Perché? La motivazione che ci viene data dal vangelo di Luca, è perché i cuori dei padri non sono stati ricondotti verso i figli. Curiosa questa affermazione e mi ha fatto pensare molto in questi giorni. Perché l’angelo di Dio afferma che Giovanni preparerà un popolo ben disposto solo quando i cuori dei padri saranno ricondotti verso i figli?

Noi ci saremmo aspettati l’esatto contrario: un popolo è esemplare quando i cuori dei figli vengono ricondotti verso i padri, perché di norma sono i figli a disobbedire, a deludere, a non essere mai all’altezza delle aspettative, a trasgredire. Sono loro i figli a doversi rimettere in carreggiata secondo le aspettative dei padri.

Invece l’annuncio evangelico opera un’importante spostamento di prospettiva: Gesù non viene semplicemente ad insegnare dei buoni valori di convivenza o di buona educazione: per questo non c’era bisogno si scomodasse il Padre eterno e tanto meno c’era bisogno che mandasse il Figlio peraltro a morire sulla croce.

Se il Signore chiede che i cuori dei padri siano ricondotti verso i figli, questo ci fa pensare che i cuori dei padri si siano induriti, ripiegati sul loro particolare e non abbiano più speranza né futuro, siano cuori ormai senza compassione, senza misericordia.

I cuori di molti padri – e la triste cronaca di questi mesi lo mette in evidenza – sono malati di narcisismo e devastati dal vizio, dalla turpitudine. Cosa possiamo attenderci per il futuro dell’umanità se questi sono i cuori dei padri?

Certo fa bene ed è utile lasciare se è possibile un bel patrimonio ai figli … salvo che poi essi stessi sappiano non litigare e dividersi, ma il vero patris munus il vero dono del padre, è la responsabilità, è trasmettere la visione di un mondo più equo, più giusto, più rispettoso del creato, dell’ambiente, della libertà, delle idee dell’altro.

Il vero dono del padre è percorrere quelli che la prima lettura ci ha presentato come i sentieri di Isaia (come amava definirli Dossetti): spezzare le spade per farne aratri e le lance per farne falci.

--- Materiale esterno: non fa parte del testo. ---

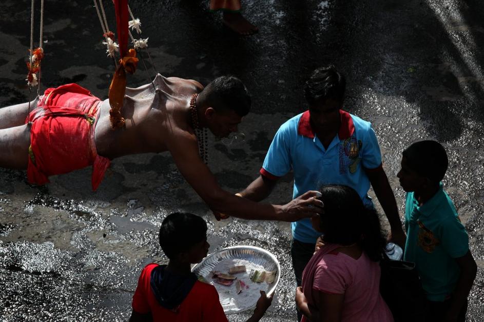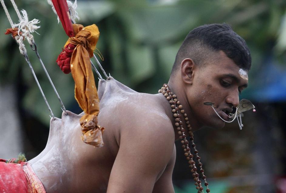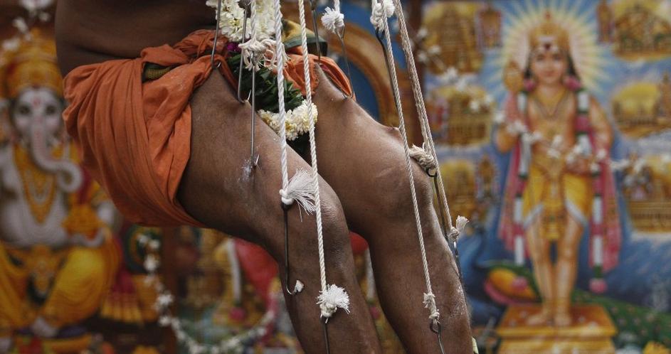 Na Šrilanki v čast bogovom viseli na kljukah.
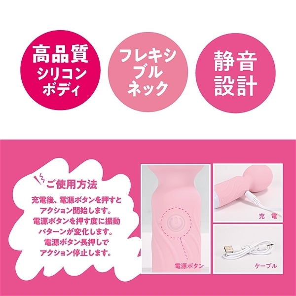 驚く程肌触りが滑らかな高品質シリコン素材にフレキシブルネックと静音なのにパワフルな高性能モーターを搭載したコンパクトサイズデンマです。
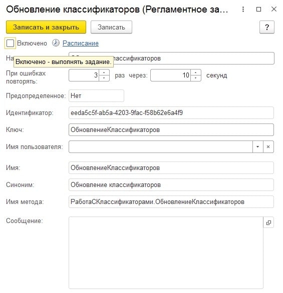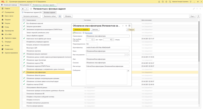 Закладка «Обслуживание» — «Регламентные операции» — «Регламентные и фоновые задания» — «Обновление классификаторов».

Spezzare le spade significa trasformare la divisione e l’odio in convivenza e convivialità. Le spade si spezzano vincendo i pregiudizi e le paure con la cocciutaggine del dialogo e la perseveranza nell’ascolto.

Percorrere i sentieri di Isaia significa anche spezzare le lance in falci, ovvero anziché costruire strumenti di guerra, come i 131 cacciabombardieri che non servono assolutamente a nulla per 14 miliardi di euro, e realizzare piuttosto strumenti di lavoro.

Il cristianesimo non è soltanto questione di radici, di patrimonio culturale. Non è soltanto riti e tradizioni, il vangelo non è un monumento storico da proteggere contro i miscredenti o i diversamente credenti …

È un tesoro vivo portato da uomini e donne impegnati a costruire una società più giusta, più fraterna, più sobria.

Su questi sentieri inaugurati da Isaia e percorsi dal Cristo, ci possiamo stare tutti: sia chi è sicuro delle proprie convinzioni, come chi è attraversato dai dubbi; chi è impegnato nella Chiesa e chi sta esitante sulla soglia …

A noi discepoli di Gesù, forse come non mai nella storia dell’umanità, è chiesto di avere a cuore la costruzione di un mondo più unito, se è vero che la luce di Betlemme riverbera sul volto di ogni uomo, come dice il vangelo.

Che il Signore doni anche a noi, a ciascuno di noi, come ai pastori venuti ad inchinarsi davanti al bambino del presepe, di percorrere i luminosi sentieri di Isaia.